**WHAT IS BEING ASKED**
Print exactly the lines below between the line containing "Στο πλαίσιο αυτό, προσφέρει" and the line containing "商品名:[L 12 ]メンズ", counting both of those lines. Leave pictures out.

**THE RECORDS**

# # #

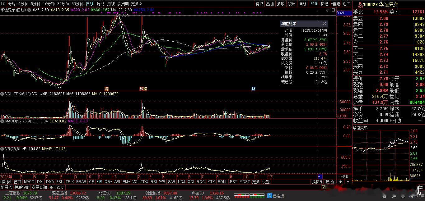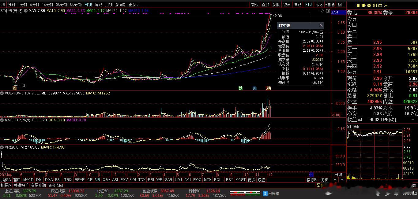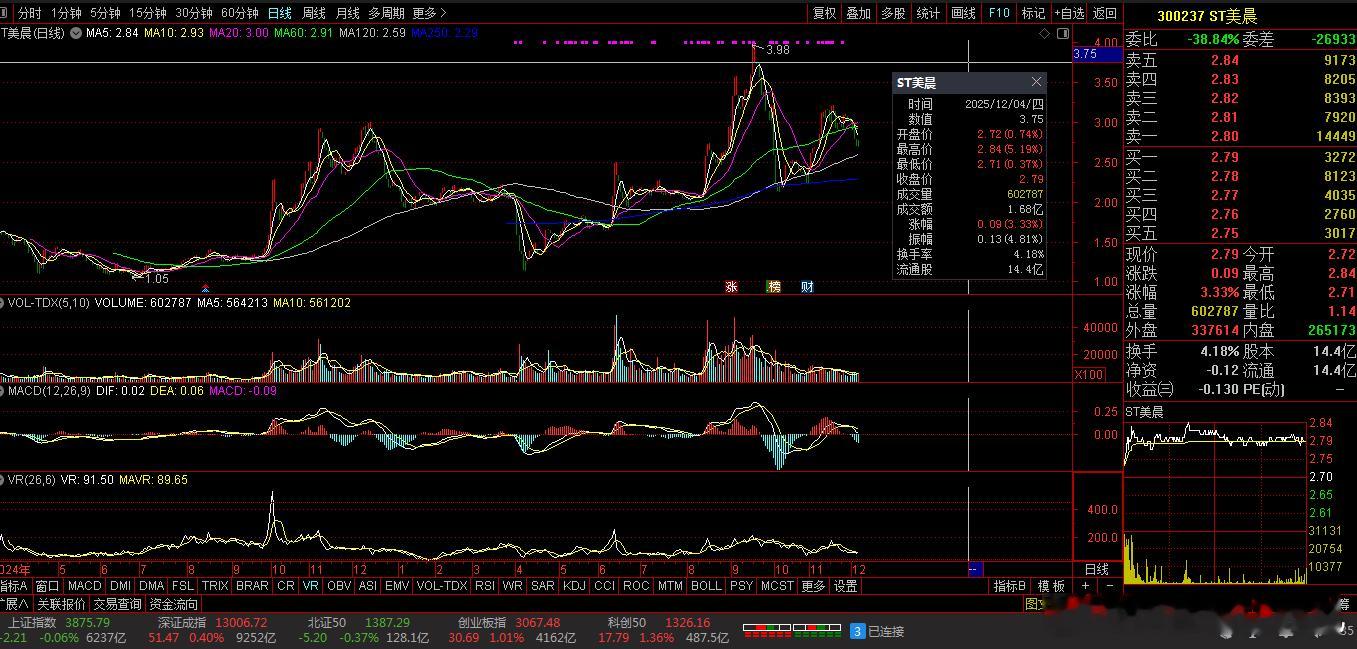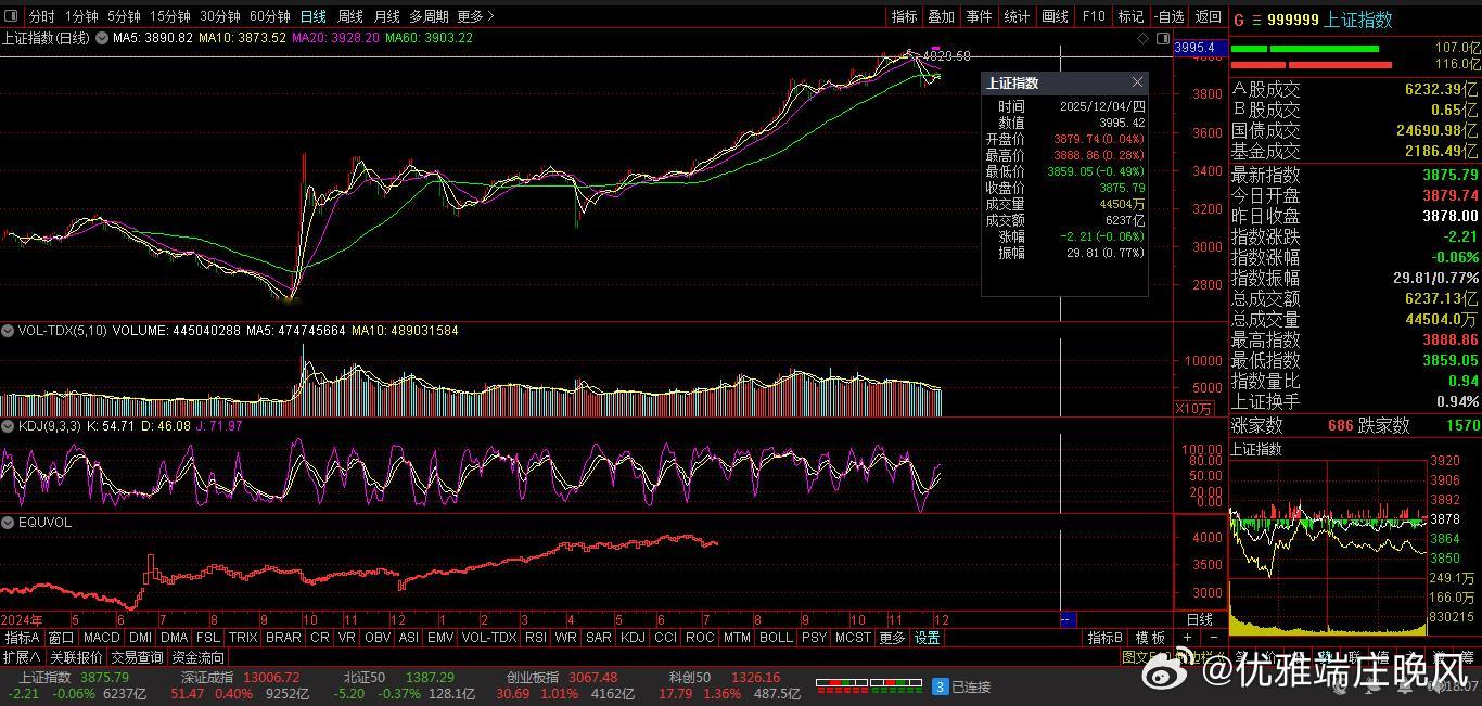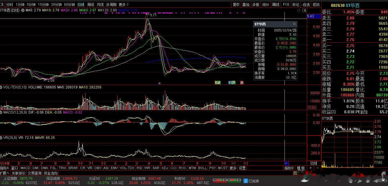【财富晚茶】三元股市收评:沪指跌0.06%:航天强势上扬焦炭探底导语:作者系《网易号》优质财经领域创作者。曾经原创作者和知名网易号旅游领域创作者。大跨度行业等的写作,颇受网友喜爱。作品发表于2025.12.04.15:18优雅端庄晚风。一、瞧ST华西:八年箱底002630 ST华西 盘中01涨1、八年底部:今年突破今日视野:前期三顶:杀跌反弹。2025-12-04 截止15:00:收盘股价:2.75元,上涨0.36%。成交总量:186605万。成交金额:5156万元。总换手率:1.81%。总市值达:28.33亿元,流通市值:28.33亿元。2、新源锅炉:国际知名主营业务:高效节能洁净燃煤环保锅炉-新能源综合利用锅炉等研产和销售。公司品牌:国内一流国际知名新能源利用系统方案供应商和服务商。3、营收净利:三季递减公司经营:2025-09-30 三季度报:公司营收:14.4612亿 同比增-29.50%,实现3732.7546万 同比增-50.93%。二、多空搏杀:沪绿深红1、追踪盘面:蛛丝马迹沪深场景:早盘:高开二跌,三涨一跌。午盘:三跌一涨,三跌二涨。尾盘:深指:一跌一涨,中位红盘。沪指:一跌一涨,中位绿盘。看点之一:沪指弱势:盘中高开:窄幅震荡,瞬间走低。看点之二:二朵金花:深创两指:逆势走强。看点之三:沪深北市:合计成交:15617亿元。场内个股:3878股飘绿。2、板块涨跌:风口依然涨跌观察:板块见证:板块拉升:航天、半导体等。板块走低:焦炭、旅游餐饮、食品饮料、酿酒、农业、地产、零售等。概念活跃:人形机器人、商业航天、卫星导航等。3、技术看盘:涨跌位置观K线提示:精彩多空博弈。12月05日:沪指突破阻力:03888点看涨,前程似锦;跌破支撑位:03859点看跌,日暮途穷。深指突破阻力:13042点看涨,鹏程万里;跌破支撑位:12881点看跌,不堪造就。三、三元板块:风口潜水1、追踪盘面:视角视野三元脆弱,沪深弱势。12股上涨,涨幅5%以上:1股涨停板。109股下跌,跌幅5%以上:8股跌停板。涨幅0%:10股0停板。涨幅0.00%+上涨个股:10+12=22股票赚钱。沪深两市:合计成交15617亿元。总体归纳:三元股票:盘口弱势。2、追踪盘面:主力进退换位思考:沪深杀跌,尾盘吸筹。沪指距9:31-15:00:前第1第3小时放量盘跌,中第2小时略量盘升,后第4小时略量盘升。深指距9:31-15:00:前2小时放量盘升,中1小时略量盘跌,后1小时略量盘升。沪深两市:合计成交:15617亿元。四、透析个股:聚焦涨跌1、涨幅榜眼:处排查摸主旋律:涨幅榜之中:寻找启动600568 ST中珠 300237 ST美晨 300027 华谊兄弟涨幅榜-1:600568 ST中珠主营业务:药品-肿瘤治疗产品-住宅地产开发等研产和销售。公司品牌:大健康-肿瘤治疗头部企业。涨幅榜-2:300237 ST美晨主营业务:橡胶非轮胎-园林绿化D 研产和销售。公司品牌:国内外非轮胎橡胶制品重要综供商和头部企业。涨幅榜-3:300027 华谊兄弟主营业务:电影电视剧制作衍生业务-艺人经纪服务等研产和销售。公司品牌:中国血统的世界级娱乐集团。2、跌幅榜眼:处排查摸主旋律:跌幅榜之中:寻找金子300344 *ST立方 300391 *ST长药 600340 华夏幸福跌幅榜-1:300344 *ST立方主营业务:智能软硬件-数字智能-数字智能平台定制等研造和销售。公司品牌:新型数字基础建设的数字科技云服务商。跌幅榜-2:300391 *ST长药主营业务:医药制造-通用设备制造-新能源的研产和销售。公司品牌:亚洲最有影响力道地药材全产业链头部供应商。跌幅榜-3:600340 华夏幸福主营业务:产业新城-商业地产的研产和销售。公司品牌:中国产业新城服务商。3、潜力榜眼:处排查摸主旋律:潜力榜之中:寻找估值002496 *ST辉丰 300301 *ST长方 000669 ST金鸿潜力榜-1:002496 *ST辉丰主营业务:生物农资-农资电商-石化仓储供应链-项目投资。公司品牌:中国领先亚临界小分子高温裂解工艺高科技专利产品和头部企业。潜力榜-2:300301 *ST长方主营业务:LED照明光源器件。公司品牌:LED照明光源器件头部企业。潜力榜-3:000669 ST金鸿主营业务:天然气。公司品牌:国内最具实力的综合性清洁能源服务商。五、本创作者:优质网易投资投机迷茫之中:给予尽可能有帮助:资本市场风险自负。(优雅端庄晚风《网易号》优质财经领域创作者和原创作者; 违者必究)
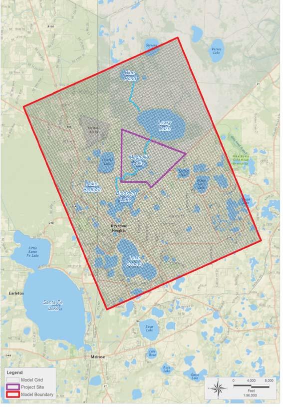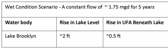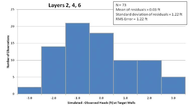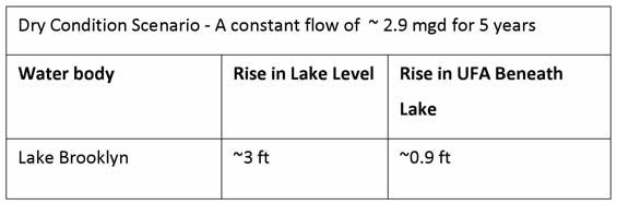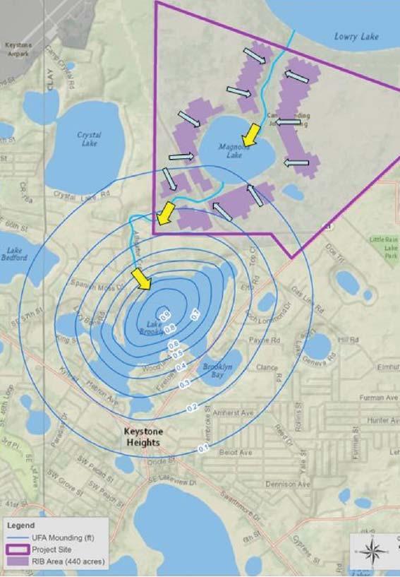 Groundwater modeling, including a MODFLOW groundwater flow and associated MODPATH particle tracking model, was performed during the feasibility study and subsequently updated using data collected from on-site testing. The flow model was used to evaluate the reduction in drawdown from the city’s supply well field. Model results indicated that recharge of 3 mgd will reduce drawdown in the City of Clearwater’s well field by 1 ft in the northern portion of the well field, and a few tenths of a ft in the southern
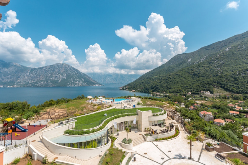 U kompleksu se nalaze dva bazena – veliki bazen sa prelivom i dječji bazen. U okruženju pejzažnih vrtova smještena je dječja igraonica i dvorište ozelenjeno mediteranskim biljkama sa fontanom.
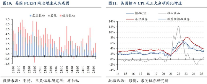 纵向看,关税对美国通胀的综合影响是怎么样的?由于关税本质上是收缩性政策,因此在经济总需求不变的情况下,关税造成的是商品部门的滞胀与服务部门的衰退冲击。因此,在关税给美国核心商品带来通胀压力的同时,美国核心CPI反而在核心服务的拖累下呈现下行趋势。美联储对通胀的拆分显示,今年2月以来,PCE通胀的上行主要来自供给因素,需求因素的贡献则显著走弱。
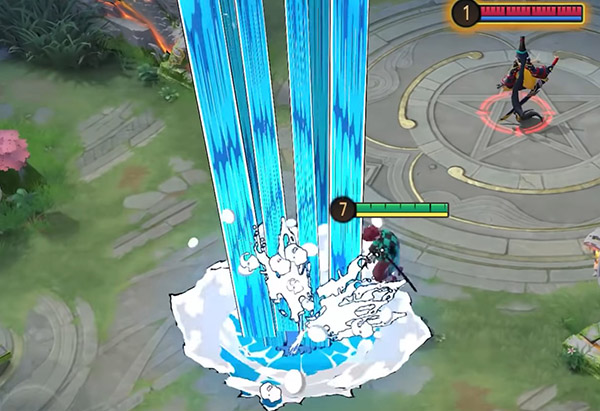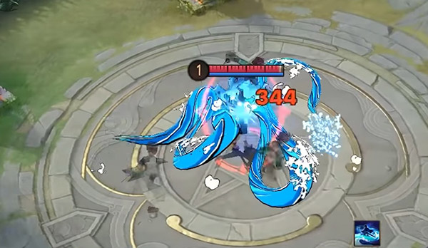 ทันจิโร่จะใช้ปราณวารีประเภท “โจมตี” เพื่อรุกไปยังไปยังทิศทางที่กำหนดสร้างความเสียหายให้กับศัตรูที่อยู่ในรัศมีเส้นโค้ง พร้อมนับ Stack ถอยหลัง 5 วิ เพื่อสามารถใช้สกิลซ้ำได้
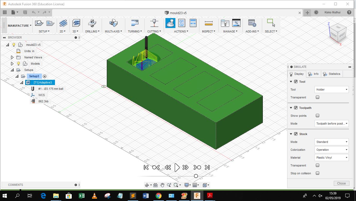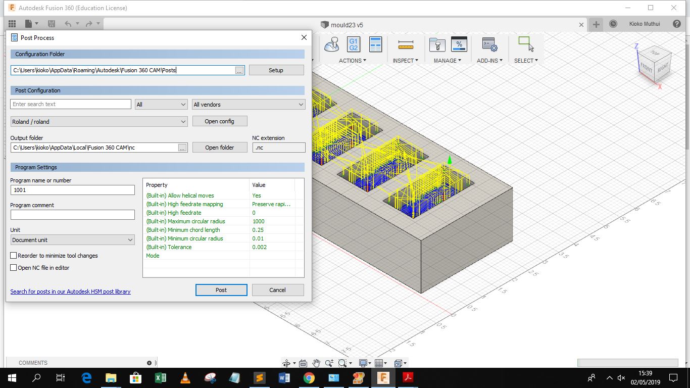 The next step involved post processing for the desired output machine which is the Roland Monofab SRM-20, The post processor of the machine however did not realize accurate machining as observed from a dry run using the Monofab SRM-20, The scale of the block was exagerated, in additon the origin setting was interprated inacurately. After further research online I decided to use the SRP Player.
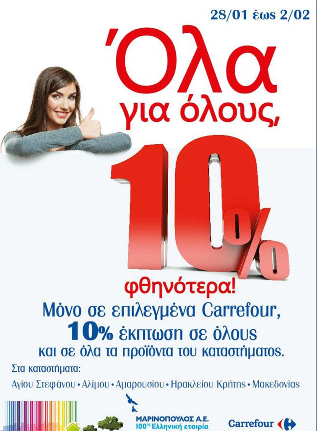 Στο πλαίσιο αυτό, προσφέρει 10% επί τόπου έκπτωση σε ΌΛΑ τα προϊόντα, για ΌΛΟΥΣ τους πελάτες, που θα προβούν σε αγορές από 28/01 έως 2/02 στα καταστήματα του Αγίου Στεφάνου, Αλίμου, Αμαρουσίου, Ηρακλείου Κρήτης, Μακεδονίας.
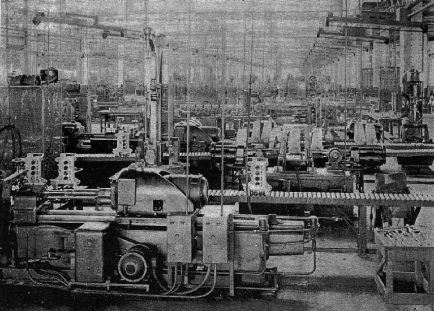 Photo A Crist ran a large, healthy operation while at Bantam. Shown above is the "Crankcase Line." Ted Nebel, Crist's son-in-law, worked on this line inserting main bearings. He also installed studs for the heads, flywheel housings, and assembled and mounted flywheel oil pumps. 25 to 40 engines per day were completed at a 1938 hourly wage of 38 cents.
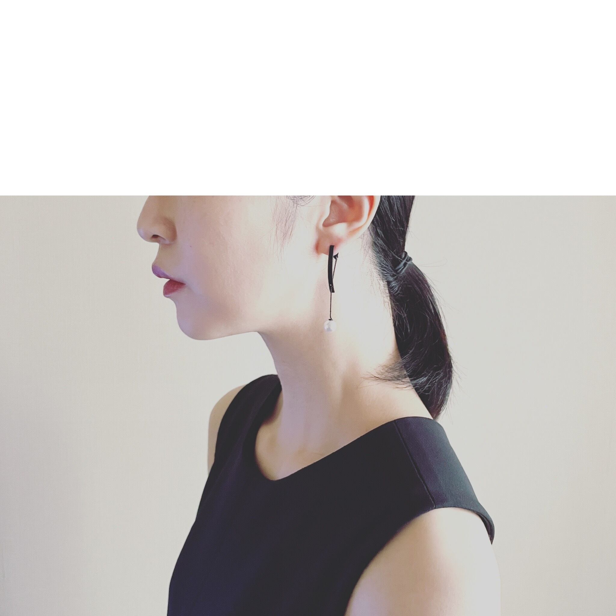 P-PI5020 pearl chain plate ピアス Black series サイズ 長さ 約5.5cm 素材 メッキ、樹脂パール
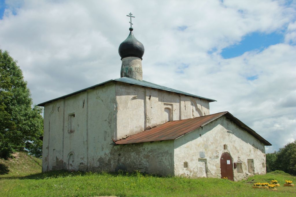 Объёмно-планировочная композиция храма, включающая двухстолпный четверик, три полукруглых апсиды, примыкающие к четверику, притвор, примыкающий к западной стене четверика на всю его ширину, перекрытый двухскатной крышей;композиция и архитектурно-художественное оформление фасадов, включая: местоположение и габариты ниш, киотов, оконных и дверных проёмов во всех частях памятника, в том числе заложенных ранее, декоративные и функциональные элементы обрамления оконных и дверных проёмов, ставенные и дверные ниши, пазы для засовов, растёсы внутренних углов проёмов; традиционный псковский орнамент на всех апсидах - два пояса «поребрика» между которыми пояс «бегунца», валиковые разводы на центральной апсиде, лопатки и «позакомарные» арочки на фасадах четверика, перспективный портал западных врат четверика, профилированные наличники по внутренним граням оконных и дверных проёмов в четверике, валиковый «архивольт» над северными вратами из четверика; пята утраченной кирпичной арки, сохранившейся на западном фасаде притвора севернее входной двери;пространственно-планировочная структура и элементы архитектурного оформления интерьеров здания церкви, включая пропорции и пространственные характеристики, отметки пят и шелыг, высоту подъёма, алтарных конх, арок, сводов, распалубок в четверике, апсидах и притворе;материал наружных и внутренних стен и столбов: кладка из известняковых плит на известково-песчано-цемяночном растворе; голосники, вмурованные в стены храма; кованые подставы дверей и оконных ставней.
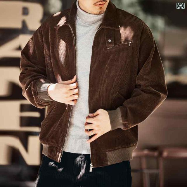 商品名:[L 12 ]メンズ 服 シンプル ファッション オシャレ 大人 かっこいい 大きいサイズ ストリート 紳士服 アメリカン コーデュロイジャケット 秋 スタンドカラー フライト ワークジャケット
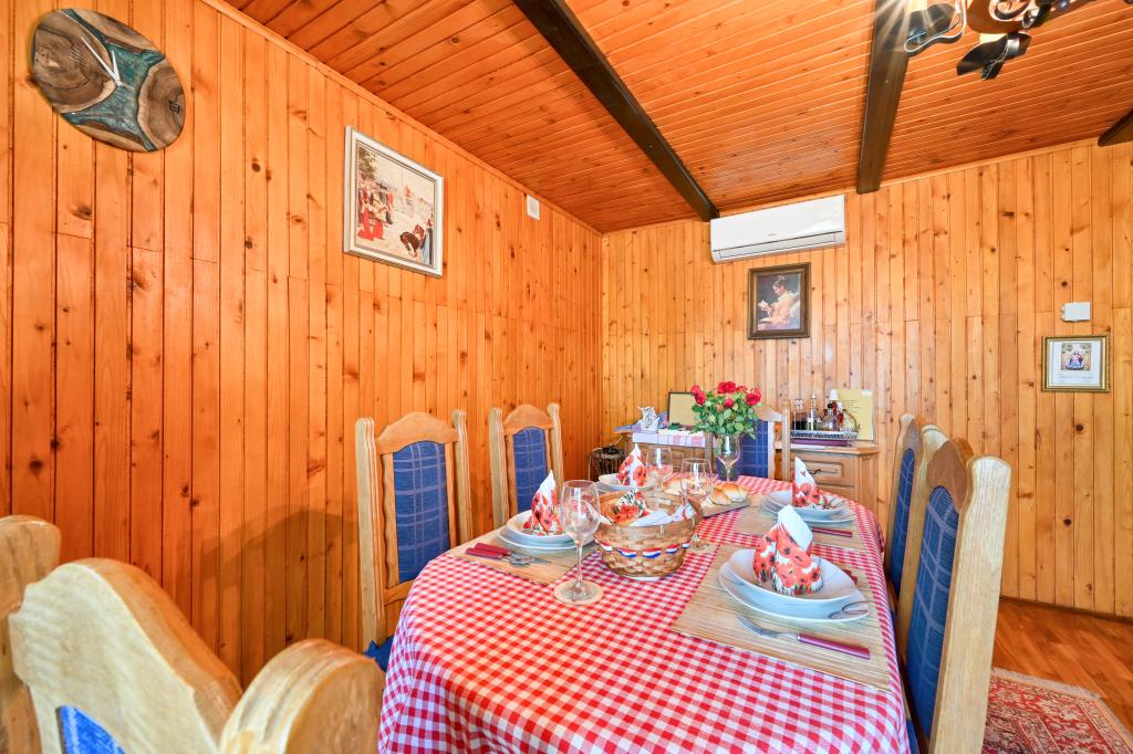 Kuća za odmor Rukova Hiža Rukova Hiža uređena je kao spoj prošlosti i sadašnjosti, donji dio je obnovljen u starom stilu,dok je potkrovlje uređeno u stilu sadašnjosti s modernim namještajem i materijalima, za svakoga ponešto. Boravak za 4 osobe u tri sobe(+dječji krevetić). Na raspolaganju potpuno opremljena kuhinja. Kupaona + dodatni wc Besplatan wi-fi, IPTV. Na dvorištu roštilj, te dvije terase. Kuća se sastoji od prizemlja u kojem je smještena kupaonica, kuhinja i dnevni boravak s prostranim stolom koji može primiti i desetak ljudi, dok su u potkrovlju tri spavaće sobe i kupaonica. U sobama se nalaze bračni krevet, dva kreveta i dječji krevetić. Sve sobe opremljene su posteljinom, tv prijemnikom, wi-fi signalom. U neposrednoj blizini Terme Jezerčica i Terme Stubičke toplice Gupčeva hiža Živi arhih Gupčeve lipe Kapela sv.Križa Gupčeva lipa Muzej i dvorac Čovjeku je vrlo malo potrebno da bude sretan, a čudno je kako mu baš to malo tako često

# # #

**SOLUTION TO THIS PROBLEM**
 Στο πλαίσιο αυτό, προσφέρει 10% επί τόπου έκπτωση σε ΌΛΑ τα προϊόντα, για ΌΛΟΥΣ τους πελάτες, που θα προβούν σε αγορές από 28/01 έως 2/02 στα καταστήματα του Αγίου Στεφάνου, Αλίμου, Αμαρουσίου, Ηρακλείου Κρήτης, Μακεδονίας.
 Photo A Crist ran a large, healthy operation while at Bantam. Shown above is the "Crankcase Line." Ted Nebel, Crist's son-in-law, worked on this line inserting main bearings. He also installed studs for the heads, flywheel housings, and assembled and mounted flywheel oil pumps. 25 to 40 engines per day were completed at a 1938 hourly wage of 38 cents.
 P-PI5020 pearl chain plate ピアス Black series サイズ 長さ 約5.5cm 素材 メッキ、樹脂パール
 Объёмно-планировочная композиция храма, включающая двухстолпный четверик, три полукруглых апсиды, примыкающие к четверику, притвор, примыкающий к западной стене четверика на всю его ширину, перекрытый двухскатной крышей;композиция и архитектурно-художественное оформление фасадов, включая: местоположение и габариты ниш, киотов, оконных и дверных проёмов во всех частях памятника, в том числе заложенных ранее, декоративные и функциональные элементы обрамления оконных и дверных проёмов, ставенные и дверные ниши, пазы для засовов, растёсы внутренних углов проёмов; традиционный псковский орнамент на всех апсидах - два пояса «поребрика» между которыми пояс «бегунца», валиковые разводы на центральной апсиде, лопатки и «позакомарные» арочки на фасадах четверика, перспективный портал западных врат четверика, профилированные наличники по внутренним граням оконных и дверных проёмов в четверике, валиковый «архивольт» над северными вратами из четверика; пята утраченной кирпичной арки, сохранившейся на западном фасаде притвора севернее входной двери;пространственно-планировочная структура и элементы архитектурного оформления интерьеров здания церкви, включая пропорции и пространственные характеристики, отметки пят и шелыг, высоту подъёма, алтарных конх, арок, сводов, распалубок в четверике, апсидах и притворе;материал наружных и внутренних стен и столбов: кладка из известняковых плит на известково-песчано-цемяночном растворе; голосники, вмурованные в стены храма; кованые подставы дверей и оконных ставней.
 商品名:[L 12 ]メンズ 服 シンプル ファッション オシャレ 大人 かっこいい 大きいサイズ ストリート 紳士服 アメリカン コーデュロイジャケット 秋 スタンドカラー フライト ワークジャケット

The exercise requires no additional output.